Task details: Return the listing below unchanged, minus its pictures.

Provided material:
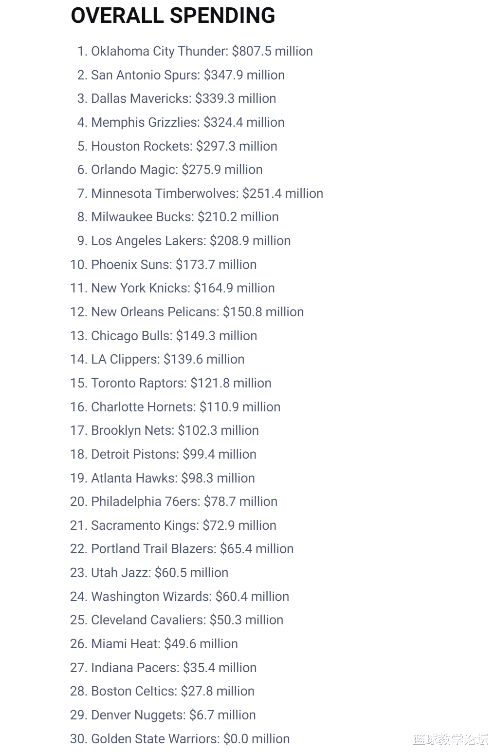 In addition to choosing Sauber, the Thunder did not have much reinforcement during this offseason. They mainly retained the championship lineup and renewed the contract with three core contracts: renewing Alexander in four years, US$285 million in advance; renewing Jaylen Williams in five years, US$287 million in five years, and renewing Homgren in five years, US$239 million. The Thunder invested a total of US$807.5 million, ranking first in the league!
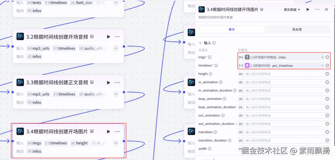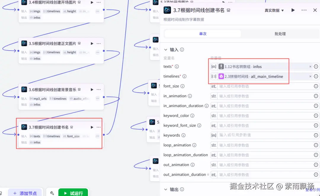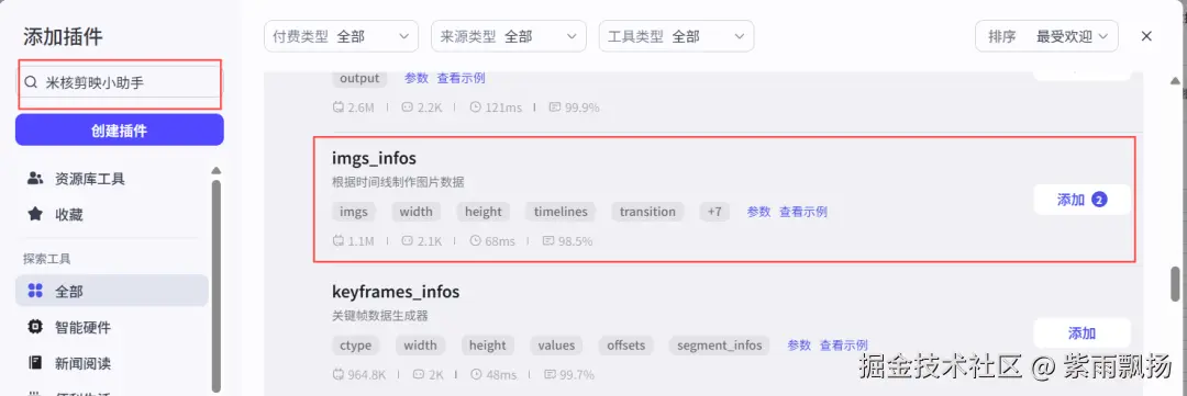 (22)根据时间线创建正文图片 该节点的作用是根据时间线创建正文图片 在添加插件中找到米核剪映小助手->添加一个imgs_infos节点->重命名为根据时间线创建正文图片->设置参数; 本节点的插件,同(21)步插件,请参考上步
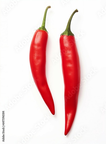 Two vibrant red peppers on a clean white background

Solution to this exercise:
 In addition to choosing Sauber, the Thunder did not have much reinforcement during this offseason. They mainly retained the championship lineup and renewed the contract with three core contracts: renewing Alexander in four years, US$285 million in advance; renewing Jaylen Williams in five years, US$287 million in five years, and renewing Homgren in five years, US$239 million. The Thunder invested a total of US$807.5 million, ranking first in the league!
 (22)根据时间线创建正文图片 该节点的作用是根据时间线创建正文图片 在添加插件中找到米核剪映小助手->添加一个imgs_infos节点->重命名为根据时间线创建正文图片->设置参数; 本节点的插件,同(21)步插件,请参考上步
 Two vibrant red peppers on a clean white background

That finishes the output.